Showing posts with label Horse's Head. Show all posts
Showing posts with label Horse's Head. Show all posts

Wednesday, 21 July 2010

Visual Deftness

Tired of counting feet in the library, I strike out for a walk in the country (but not before calling at the bakery). On the edge of town I photograph a plastic glove – of the type worn by carrers – stuck to an abandoned car. I don’t really know why I’m photographing it. I carry on walking and as I walk I remember the woman in the bakery wasn’t wearing protective gloves; she handled my Eccles cakes with the same (naked) hand she handled the money with. I photograph a horse’s head on top of a walled garden, before taking to the fields. 
After about an hour I pass another horse’s head that appears to be eating flowers. I stop for an Eccles cake in a churchyard - a dead fly cake amongst the graves. Before continuing on I investigate the ancient yew tree beside the church.
Halfway up the tree, amongst the branches, I see a horse.  After a couple of long, hot miles I enter Five Hundred Acre Wood (where A.A. Milne’s ‘Winnie-the-Pooh’ stories were set), it’s dark, cool, and Poohless.
I emerge from the wood - squinting into the sunlight - and come face-to-face with a horse. We contemplate one another through a wire fence (the grid method, again); the horse is blinkered and his head’s festooned with flies. It’s like I’m looking in a mirror. It’s like I’m facing my doppelganger.

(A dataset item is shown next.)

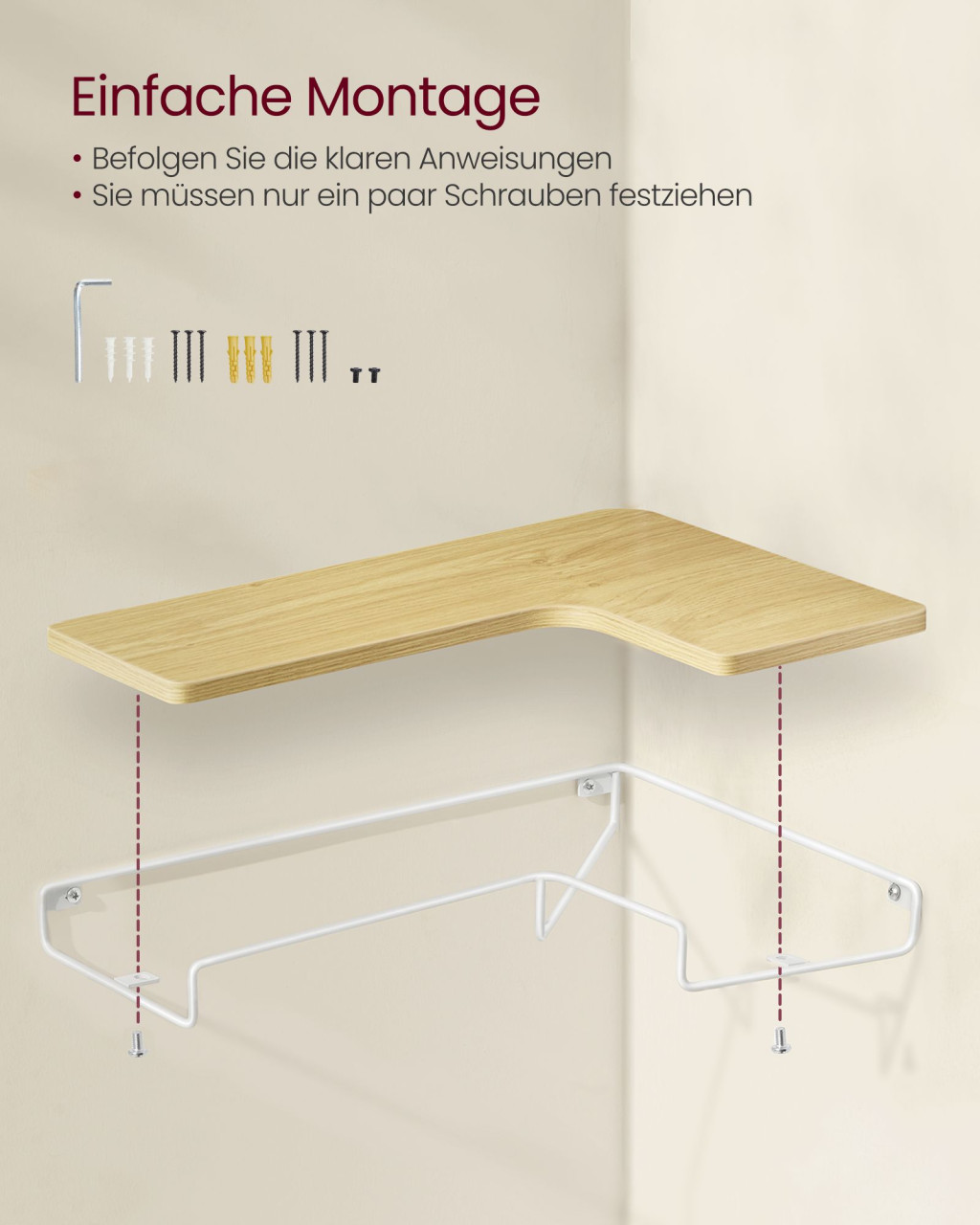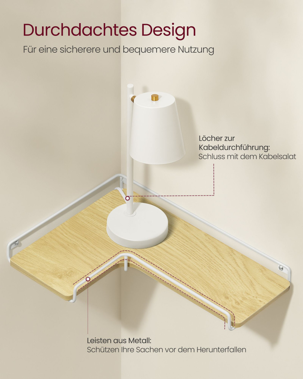 VASAGLE Sarok Lebegő Polc Szett Tölgy-Fehér Kábeltartóval

I show the horse a photograph - a self-portrait I keep on my phone – in which I am blindfolded with dead-fly cakes.
  

Monday, 12 July 2010

Photographic Memory

This is an exercise in Photographic Memory, or how to relate the same two subjects – in this case, ‘bush and beast’ – in a single image without too much ‘beasting about the bush’; in other words, how to ‘flatten time’. Try - when in the field composing the photograph - to superimpose another photograph, recalled from memory, over the photograph you are about to take.
Later, when comparing the seen – ‘taken’- image with the remembered image – both need to be printed the same size -, measure the distance between bush and beast. If the bush-beast distance is proportional and roughly the same in both images, you possess a Photographic Memory. By way of certification, mount your heads and hang them side-by-side (face-to-face, bush- to-bush), along with the dates they were shot, on the wall.  But be mindful of the sight of horse’s head separated from its body, it can inspire murder.
The sight of a decapitated horse’s head never failed to insight Jarry’s Dr Faustroll, 'to murder'. As the good doctor himself explains: “I do not believe that an unconscious murder is therefore necessarily motiveless: it is not governed by any command emanating from us and has no link with the precedent phenomena of our ego, but it certainly follows an external order, it is within the order of external phenomena, and it has a cause that is perceptible by the senses and is therefore significant…I have never had the desire to kill except after seeing a horse’s head, which has become a sign, or an order, or more precisely a signal, like the down-turned thumb in the arena, that the time has come to strike the blow…The sight of a very ugly object certainly provokes one to do what is ugly… Now, there is no object in the whole world as ugly as the head of a horse, except perhaps that of the grasshopper, which is almost exactly similar without having the gigantic size of the former”.
And as for over-analysing 'bushes in photographs' (as Antonioni’s film, ‘Blowup’, reveals): murderers hide in bushes. Bushes, like decapitated horse's heads, signify death.